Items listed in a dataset
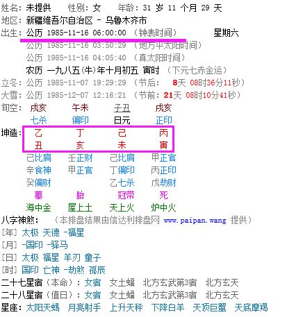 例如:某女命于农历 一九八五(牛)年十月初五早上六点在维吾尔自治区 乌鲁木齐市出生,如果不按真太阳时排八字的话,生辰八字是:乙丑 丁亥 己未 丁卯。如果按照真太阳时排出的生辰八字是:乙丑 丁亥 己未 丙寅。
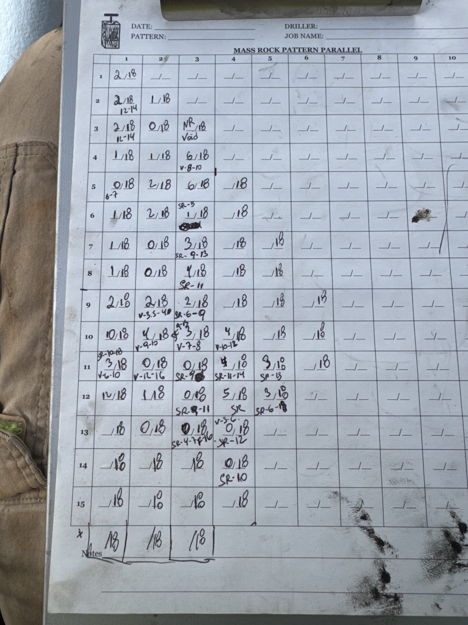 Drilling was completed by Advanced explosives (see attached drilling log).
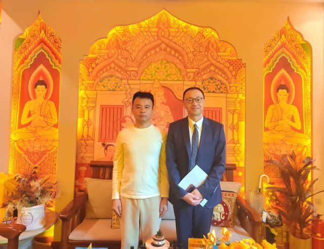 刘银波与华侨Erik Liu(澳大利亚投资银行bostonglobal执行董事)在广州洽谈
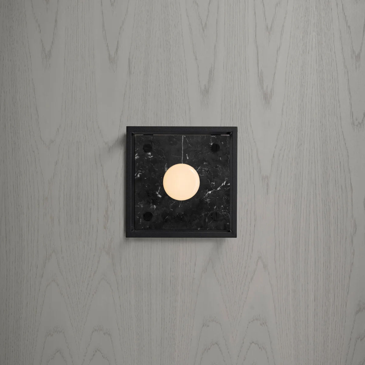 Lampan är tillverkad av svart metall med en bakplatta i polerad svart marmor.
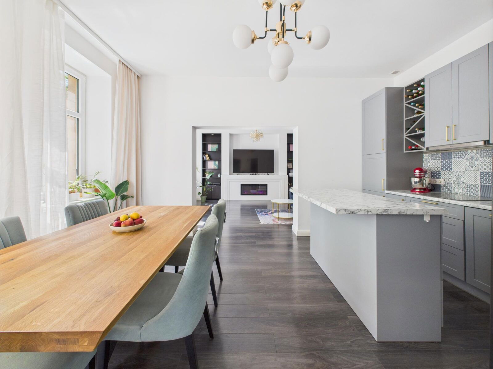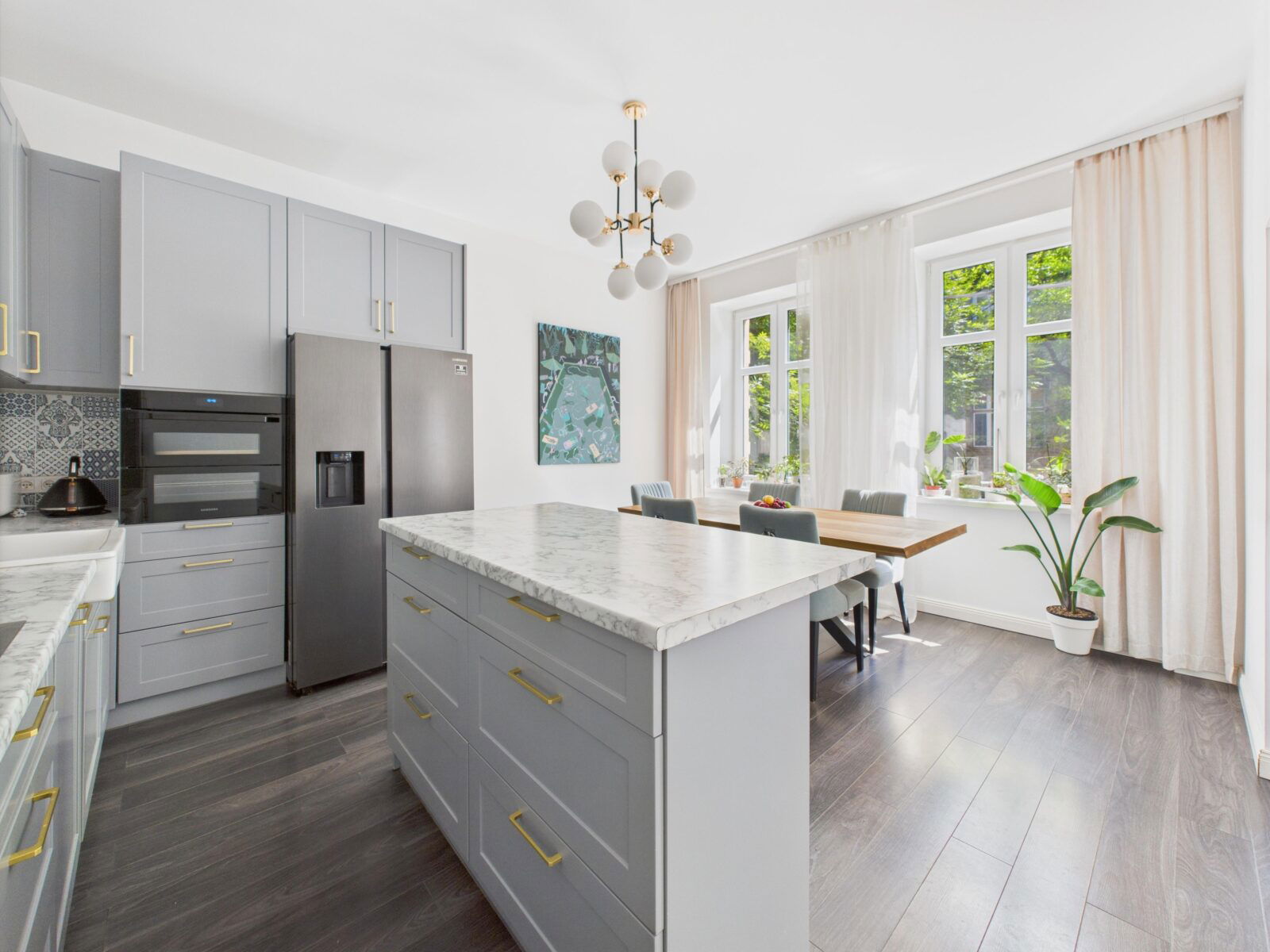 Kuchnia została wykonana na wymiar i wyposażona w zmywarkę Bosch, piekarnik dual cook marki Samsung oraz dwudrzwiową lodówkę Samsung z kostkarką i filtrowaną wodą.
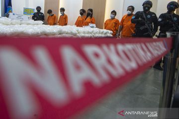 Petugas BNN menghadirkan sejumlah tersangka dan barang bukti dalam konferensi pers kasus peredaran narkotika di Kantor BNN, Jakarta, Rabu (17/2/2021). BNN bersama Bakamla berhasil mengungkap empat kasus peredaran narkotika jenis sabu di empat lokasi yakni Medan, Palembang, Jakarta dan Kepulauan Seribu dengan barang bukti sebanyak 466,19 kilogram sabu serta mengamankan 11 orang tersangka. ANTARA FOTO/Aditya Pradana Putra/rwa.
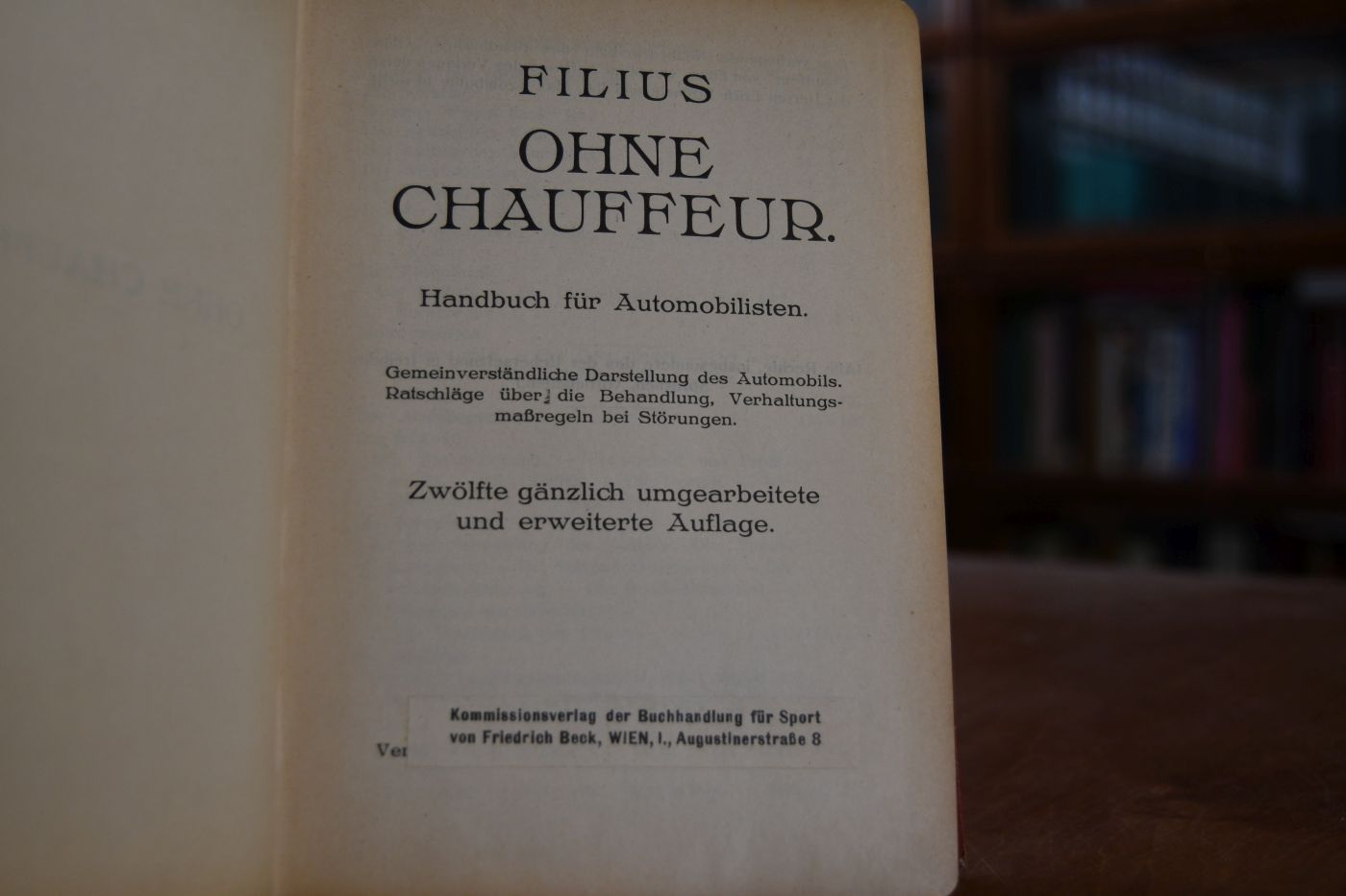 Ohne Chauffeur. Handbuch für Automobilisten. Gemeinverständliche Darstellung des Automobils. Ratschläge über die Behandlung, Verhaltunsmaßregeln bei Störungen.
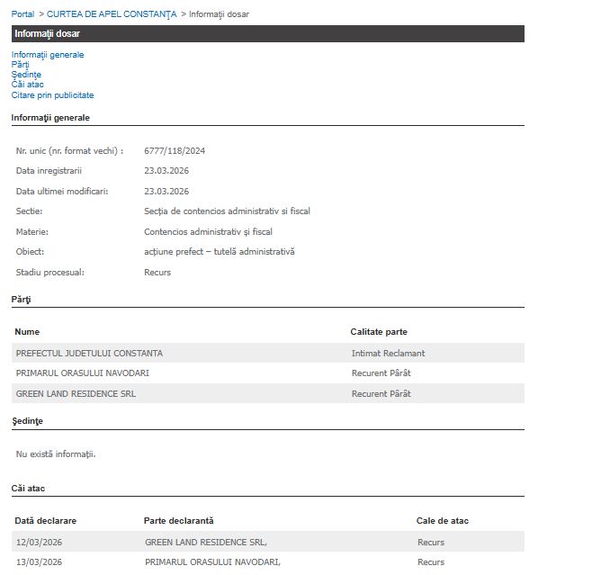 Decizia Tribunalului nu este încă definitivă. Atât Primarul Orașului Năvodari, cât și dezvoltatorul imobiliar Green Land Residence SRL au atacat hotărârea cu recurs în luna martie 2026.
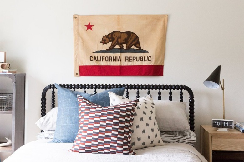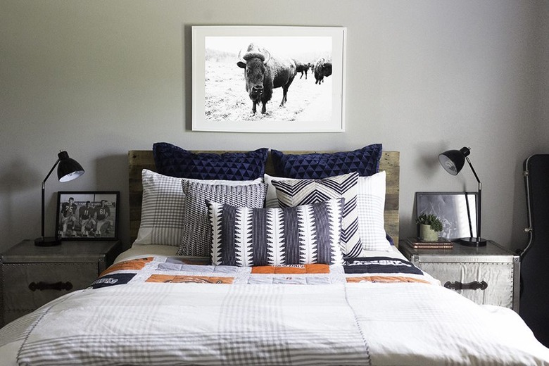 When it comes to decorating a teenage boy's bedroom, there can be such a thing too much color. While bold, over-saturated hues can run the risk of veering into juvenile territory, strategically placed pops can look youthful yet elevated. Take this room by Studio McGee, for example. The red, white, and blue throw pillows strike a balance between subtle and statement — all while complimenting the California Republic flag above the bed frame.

EXERCISE DESCRIPTION = Repeat only what lies between the start of the data and the end of the line containing "Kuchnia została wykonana", exactly, with pictures left out.

RESULT =
 例如:某女命于农历 一九八五(牛)年十月初五早上六点在维吾尔自治区 乌鲁木齐市出生,如果不按真太阳时排八字的话,生辰八字是:乙丑 丁亥 己未 丁卯。如果按照真太阳时排出的生辰八字是:乙丑 丁亥 己未 丙寅。
 Drilling was completed by Advanced explosives (see attached drilling log).
 刘银波与华侨Erik Liu(澳大利亚投资银行bostonglobal执行董事)在广州洽谈
 Lampan är tillverkad av svart metall med en bakplatta i polerad svart marmor.
 Kuchnia została wykonana na wymiar i wyposażona w zmywarkę Bosch, piekarnik dual cook marki Samsung oraz dwudrzwiową lodówkę Samsung z kostkarką i filtrowaną wodą.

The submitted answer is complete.